О способах хранения алкогольных напитков известно совсем немного. Для этих целей использовали различную тару. В ход шли, прежде всего, глиняные кувшины, кожаные бурдюки и деревянные бочки, обработанные изнутри воском или древесной смолой. По словам Валафрида Страбона, монахи Райхенау хранили вино в высушенных бутылочных тыквах:
Плод ее (т. е. тыквы. — А. С.) повсюду находит себе примененье
В виде сосудов, когда содержимое чрева пустого
Все вынимают и недра резцом выскребаются ловким.
В чреве таком иногда помещается целый секстарий
Или содержится в нем даже целая мера. В сосуде,
Если смолистым составом обмазать его, сохранятся,
Порчи не ведая долго, дары благородного Вакха.[8]
Франкские аристократы и их крестьяне ели примерно одни и те же продукты, но все-таки их рацион существенно различался. Именно здесь социальный разлом становился наиболее зримым. На столе сеньора, не обязательно крупного магната, но даже мелкого феодала, еда была более качественной и лучше приготовленной, здесь было вдоволь мяса, да и вообще значительно больше еды. Знать редко голодала и благодаря запасам и ресурсам не бедствовала даже в неурожайные годы. Крестьяне, напротив, частенько становились жертвами голода, стоило лишь непогоде уничтожить посевы или эпидемии поразить скот. Они жили в мире куда как более опасном и хрупком. Даже в относительно благополучные времена многие с трудом дотягивали до нового урожая. «Летней порой беднякам обычно не хватает еды», — признается автор жития Св. Гуго Руанского, написанного в 830-х гг. На этом фоне настоящим духовным подвигом казался современникам рацион аскетов и отшельников, иные из которых питались лишь подобием «хлеба» из ячменя, золы и глины, запеченными в золе ракушками да кашицей из отрубей с лесными ягодами, а также изредка позволяли себе грибы и размоченный в воде кусочек сыра.
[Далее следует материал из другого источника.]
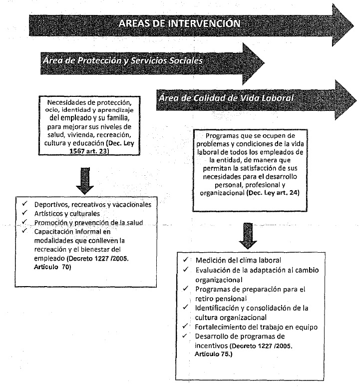 3. Respecto de los Programas de bienestar social e incentivos, el Articulo 18° consagra: "Programas de Bienestar Social e Incentivos. A través de los programas de bienestar social y de los programas de incentivos que formulen y ejecuten las entidades, se pondrá en funcionamiento el sistema de estímulos para los empleados".4. Lo concerniente a la periodicidad de los planes se encuentra consignado el Artículo 19°, "Programas Anuales. Las entidades públicas que se rigen por las disposiciones contenidas en el presente Decreto - ley están en la obligación de organizar anualmente, para sus empleados, programas de bienestar social e incentivos". 5. Para la aplicación de Los Programas de Bienestar Social la norma establece lo siguiente: ''Artículo 22°.- Áreas de Intervención. Para promover una atención integral al empleado y proporcionar su desempeño productivo, los programas de bienestar social que adelanten las entidades públicas deberán enmarcarse dentro del área de protección y servicios sociales y del área de calidad de vida laboral. Articulo 23°.- Área de Protección y Servicios Sociales. En esta área se deben estructurar programas mediante los cuales se atiendan las necesidades de protección, ocio, identidad y aprendizaje del empleado y su familia, para mejorar sus niveles de salud, vivienda, recreación, cultura y educación. Los programas de esta área serán atendidos en forma solidaria y participativa por los organismos especializados de seguridad y previsión Social o por personas naturales o jurídicas, así como por los empleados, con el apoyo y la coordinación de cada entidad. Artículo 24°." Área de Calidad de Vida Laboral. El área de la calidad de vida laboral será atendida a través de programas que se ocupen de problemas y condiciones de la vida laboral de los empleados, de manera que permitan la satisfacción de sus necesidades para él desarrollo personal, profesional y organizacional. Los programas de esta área deben recibir atención prioritaria por parte de las entidades y requieren, para su desarrollo, el apoyo y la activa participación de sus directivos".

В таких обстоятельствах в каролингском обществе сложились некоторые механизмы перераспределения жизненно важных ресурсов. Так, при епископских резиденциях и особенно при монастырях кормилось огромное количество людей. Например, в Корби для раздачи неимущим ежедневно выпекалось 450 хлебов. В хронике Санкт-Галлена упоминается монастырская печь, которая якобы могла производить до тысячи хлебов. А по сообщению «Фульдских анналов», в середине IX в. только на одном из подворьев, принадлежавших архиепископу Майнца, кормились сотни людей.